The Nirvik Bureau, Bhubaneswar, 18 February 2026
When Marco Rubio stood up in Munich and lovingly described the last five centuries of Western expansion as if it were a motivational TED Talk for colonisers, one could almost hear a creaky wooden signboard being repainted in the background: “East India Company Pvt Ltd” carefully upgraded to “West & Child Global Holdings (Inc.) – Recolonising, but Make it 21st Century.”
This time there are no redcoats, only red ties. No gunboats, just “Western supply chains for critical minerals not vulnerable to extortion from other powers” — a poetic way of saying, “Your lithium is our birthright, kindly sign here.” The Global South, we are told, is not a partner but a “market share” to be captured in the glorious project of a “new Western century.” Apparently the old Western centuries of slavery, plantations, and famine weren’t quite new enough.
Rubio helpfully reminded the audience that decolonisation was basically the West’s “retreat”, rudely accelerated by “anti-colonial uprisings” and “godless communist revolutions” that had the bad manners to object to being ruled from several thousand kilometres away. Anti-colonial struggles, in this telling, were not freedom movements; they were revenue disruptions in an otherwise healthy portfolio.
Enter Act II: Trump & Sons, Global Empire Division. With Venezuela’s president kidnapped and its oil trade brought under Washington’s “informal management”, the company has clearly moved from trading spices to trading sovereign nations, now with better branding and worse PowerPoint. India is politely sanctioned for buying Russian crude, then nudged to buy Venezuelan oil “under a Washington-controlled framework” – like being scolded for eating at the wrong dhaba and then herded into the franchise outlet next door.
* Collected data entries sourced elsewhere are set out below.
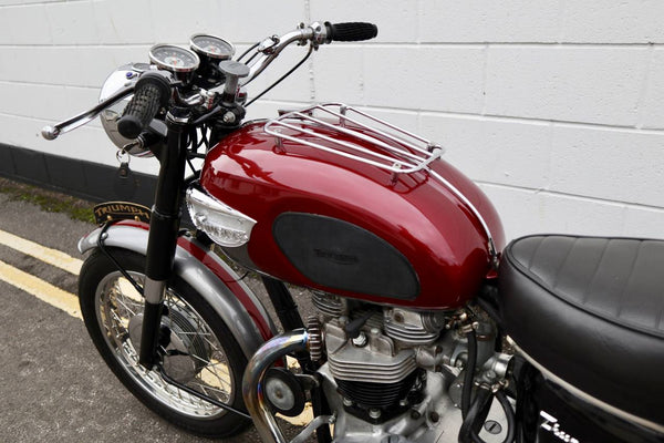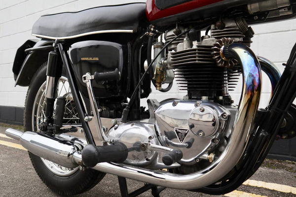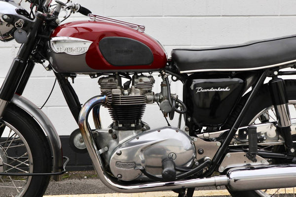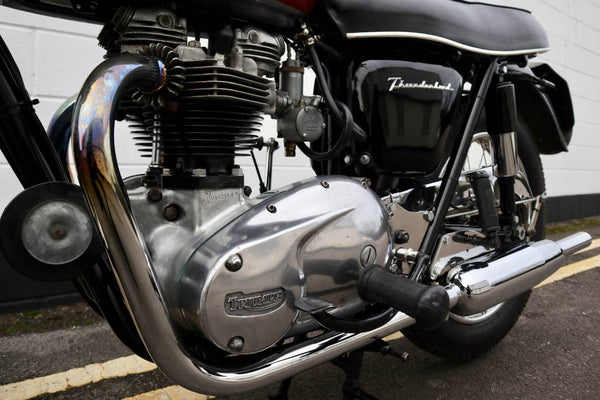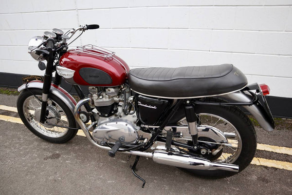 1965 Triumph 6T Thunderbird 650cc. In great condition looking to have been restored a few years ago with stainless steel rims and spokes, New clocks Fitted. The Thunderbird was originally supplied to the Metropolitan Police so says the previous owner. Starts easily for a 650cc as lower compression than the 1960 Bonnie's. Non matching numbers. This is a very well priced unit-construction 650 Triumph thats easy to live with in very nice order. Bargain !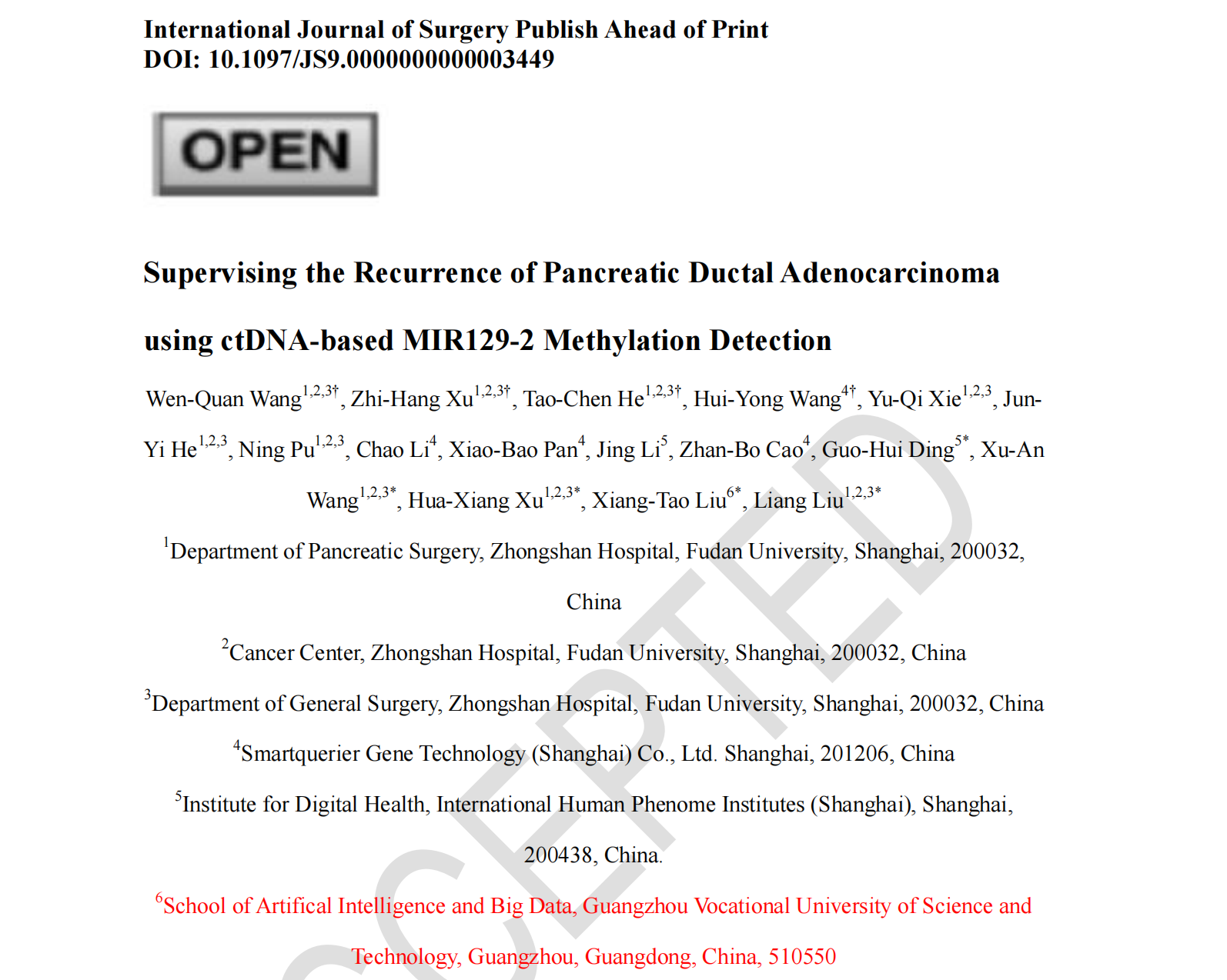 突破“癌王”监测难关:慧算基因联合中山医院发表胰腺导管腺癌复发预测新方法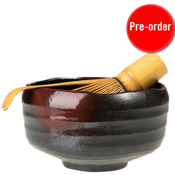 This matcha set is designed around a Tenmoku-style chawan called the Akafuki. The "Sunset" Akafuki Chawan is a deep, wide bowl with a rich, dark glaze – a blend of tradition and modern Japanese pottery design. The glaze features a red spray (hence "Akafuki," literally "red‑sprayed") that shifts from deep crimson to burgundy, depending on the light – this hue fades into the signature dark surface of Tenmoku ware.

The original East India Company had one small London office “five windows wide” and an “unstable sociopath” named Clive managing things in the field. The updated version has several think tanks, a crypto council stacked with family members, and an “informal Board of Peace” to decide which country gets liberated into compliant supply chains next. Progress is real: earlier we had opium and cotton; now we have critical minerals, AI, digital infrastructure, and, of course, your domestic policy.
Rubio insists “we are part of one civilisation, the Western civilisation,” and that this West must stop putting the “so-called global order” above its own “vital interests”. Translation: Rules-based order is excellent, as long as we write the rules, own the pens, and bill you for the stationery. The Global South’s role is simple: supply the minerals, host the data centres, buy the products, and clap appreciatively whenever a Western leader remembers your country’s name without confusing it with your neighbour.
Analysts have politely called the speech “colonial in tone” and “one of the most explicitly pro-colonialist speeches” of this century. That’s polite-speak for: if this was any more honest, it would come with a tricorn hat and a charter from the Crown. When Rubio talks of “competing for market share in the economies of the Global South,” it sounds less like diplomacy and more like a tender notice for recolonisation, with better legal documentation.
And what of India, the self-declared vishwa guru and proud birthplace of anti-colonial struggle? Experts say that as “beacon of anti-colonialism”, India should condemn Rubio’s project “with the contempt it deserves.” Instead, New Delhi will likely do what any wise postcolonial state does in such situations: express “deep concern”, reaffirm “strategic autonomy”, quietly renegotiate oil discounts, and hope the new East India Company at least remembers to build some railways this time – preferably standard gauge, and with royalty on freight.
After all, history teaches us a simple lesson: colonialism often starts with a smile, a trade agreement, and a very reasonable clause about who owns your future. The difference now is cosmetic: fewer cannonballs, more contracts; fewer viceroys, more venture capital; fewer flags, more logos. The intent, as Rubio so helpfully clarified, remains beautifully consistent — “take back control”, “regain ground”, “prosper in the areas that will define the 21st century.”
Some will say this is merely “strategic competition”. Of course. The East India Company also called itself a trading firm. The rest of us just called it what it was – until it left.